> [What you will do]:
Retype the data exactly, skipping any picture in it.

> [Recorded data]:
——

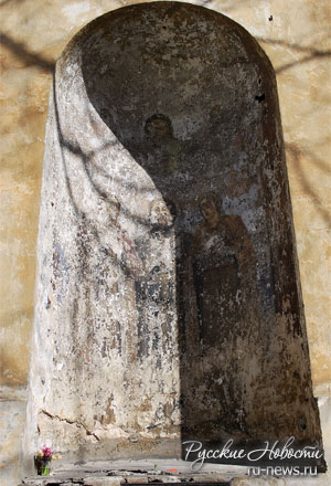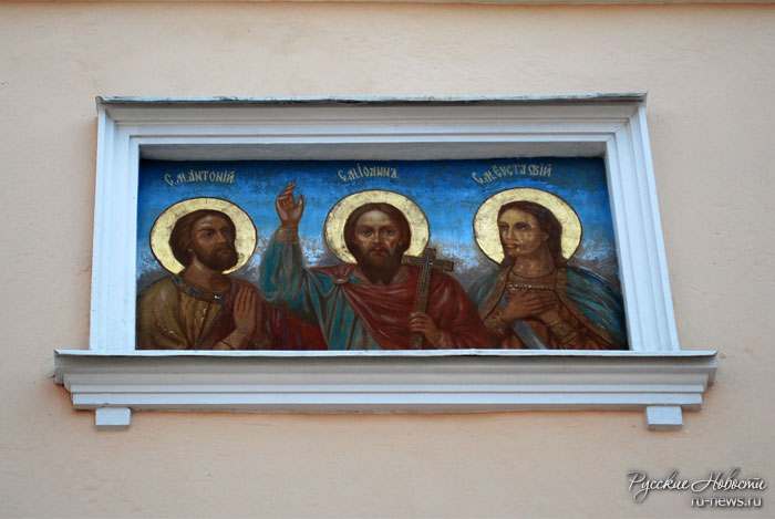 Фреска святых Виленских мучеников Антония, Иоанна и Евстафия над входом в вильнюсский храм Святого Духа. 2011.04.27.
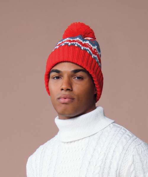 Full fleece recycled polyester lining. Timeless Fair Isle pattern. Classic styling. Self-coloured pom pom. Cuffed design for optimal decoration. TearAway label for easy rebranding.
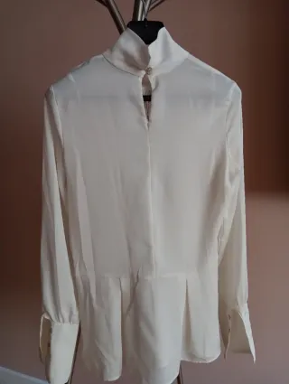 Blusa elegante de Zara, con un diseño moderno y detalles únicos. - Manga larga. - Puños con plisados. - Cuello alto. - Cierre de boton en la espalda.
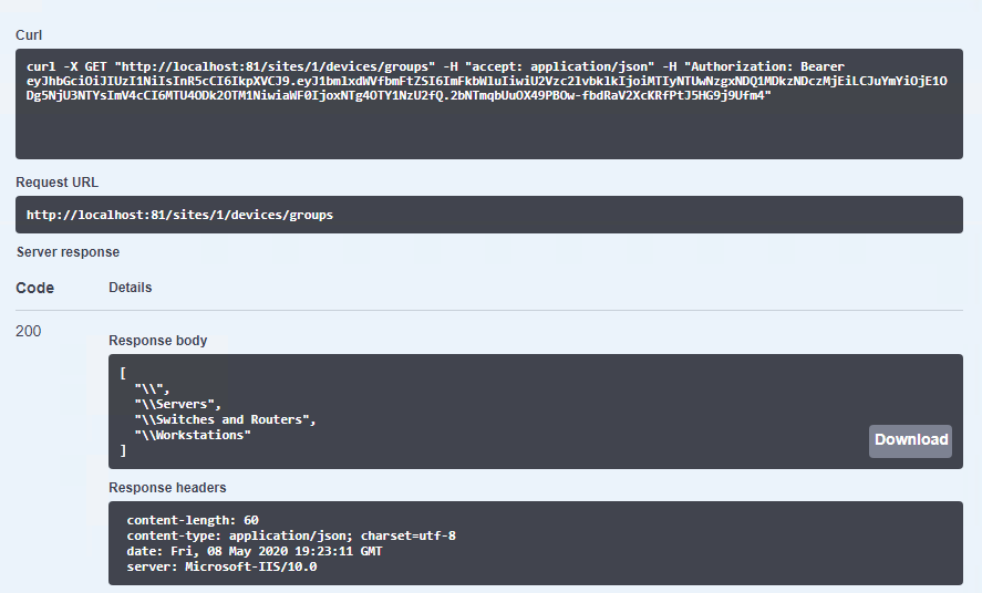 13. Verify the list of device groups that was returned.

——

> [Response]:
 Фреска святых Виленских мучеников Антония, Иоанна и Евстафия над входом в вильнюсский храм Святого Духа. 2011.04.27.
 Full fleece recycled polyester lining. Timeless Fair Isle pattern. Classic styling. Self-coloured pom pom. Cuffed design for optimal decoration. TearAway label for easy rebranding.
 Blusa elegante de Zara, con un diseño moderno y detalles únicos. - Manga larga. - Puños con plisados. - Cuello alto. - Cierre de boton en la espalda.
 13. Verify the list of device groups that was returned.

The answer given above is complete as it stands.